Eight tiny reindeer?

Eight tiny reindeer?
David Feela - 12/19/2019

Recent news suggests the Air in Airbnb comes from CEO Brian Chesky who recently announced a ban on all party houses in response to a tragic shooting which left five dead in Orinda, Calif. A glass of wine is fine, but he’s forbidding – by international edict – the company’s 2.9 million Airbnb hosts to allow any of their 150 million users to party with more than 13 people in attendance. Good luck with that.

It just so happens I’d made an Airbnb reservation for two to stay in California the first week in November, less than a week after the Halloween party murders took place. In trying to clear the platform’s online security gates, I encountered technical glitches and a few misunderstandings, which I finally resolved by initiating a real time phone call and threatening to cancel my booking. When it comes to hanging on to the customer’s money, Airbnb does a five-star job.

The company was founded in 2008 by a couple of renters who earned a few extra dollars charging strangers inflationary rates to crash on an air mattress. Eleven years later, the idea bloated into a $35 billion data-saturated industry.

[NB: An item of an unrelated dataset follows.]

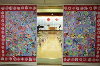 【離任式の様子】 【2年廊下の掲示板】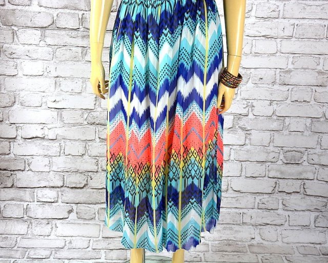 Olśniewająca sukienka w azteckie wzory w klimacie boho, sukienka o rozłożysta o mocno poszerzanym kroju , wykonana z transparentnej tkaniny, sukienka z delikatnym subtelnym dekoltem , w pasie na gumce. Całość na podszewce. Dominujące kolory :Błękit, fluo róż, granat, biel. Na żywo jeszcze piękniejsza.

Its understaffed army of 3,100 Airbnb employees tries to offer reasonable assurances that the space a customer is renting will be free of risks and irritations, like inaccurate descriptions, hidden cameras or trap doors, or even an inadequate supply of toilet paper. Ultimately, users rely on the host to provide a quality rental experience, and more times than not it works out fine.

Our tiny casita turned out to be comfortable enough, except for the incoming airlines on identical flight paths cueing up like billiard balls. The wheels and flaps were already down, locked into position, starting from before 8 a.m. and lasting until as late as 11 p.m. The planes were often two to three minutes apart – jumbo jets literally falling from the sky. They came so close an airline ornithologist could have easily identified individual species by the distinctive markings on their tails and under their wings.

After arriving at our rental and enduring the first day, I reread the host’s description for booking the property. The details clearly disclosed that air traffic existed in the neighborhood, so it shouldn’t have felt like a surprise. But awareness and experience are two different classes of tickets. These planes weren’t vaguely up there, circling like buzzards. I had the feeling these pilots might have mistaken the driveway where I parked my car for their intended runway.

By no means were we the only people having to deal with air traffic, but those who own or rent houses in the neighborhood hopefully are acclimated to the relentless audio bombardment. My first experience in the shadow of a passenger jet occurred decades ago while visiting my in-laws who lived directly under a Chicago O’Hare flight path. I remember sitting in their yard one warm afternoon drinking gin fizzes. As my father-in-law expounded loudly on the world’s problems, a jumbo jet crowded out the sun. His audible voice vanished, replaced by the sound of the jet’s turbines, but his lips kept moving, as if he thought we could still hear him. I nodded, sipped my gin and thought, well, at least one problem solved.

Truth be told, I still qualify as a flight path newbie. I was taken aback by the incessant noise because my senses haven’t lived long enough in an environment where constant noise prompts the brain to shield it with a protective layer of deafness. The property’s description also lauded the benefits of staying so close to the airport, which would be, it claimed, a convenience for those who arrived by air. And besides, it concluded, the air traffic doesn’t diminish the beauty of the neighborhood, which it didn’t, because we spent most of every day away from the casita, touring the sites of the city.

Like most businesses with an eye toward profits, Airbnb aspires to become even bigger by not attracting negative media attention. Five-star ratings and glowing customer reviews work just like cash in the corporate model of America, which is why I don’t want to be one of their monkeys, pedaling the feedback cycle with any kind of review. I’m just learning my lessons and moving on. Refusing to participate in the rating game doesn’t drive the algorithms wild, but I’m thinking of it as a kind of statistical protest – a stat-in, if you like.

Predictably, all online businesses like Facebook, Twitter, Instagram and myriad other popular sites aspire to grow so massive they are increasingly becoming incapable of policing the very activities they sponsor. Of course we jeopardize our safety by joining in, while some other things we just learn to live with. Plane. And simple.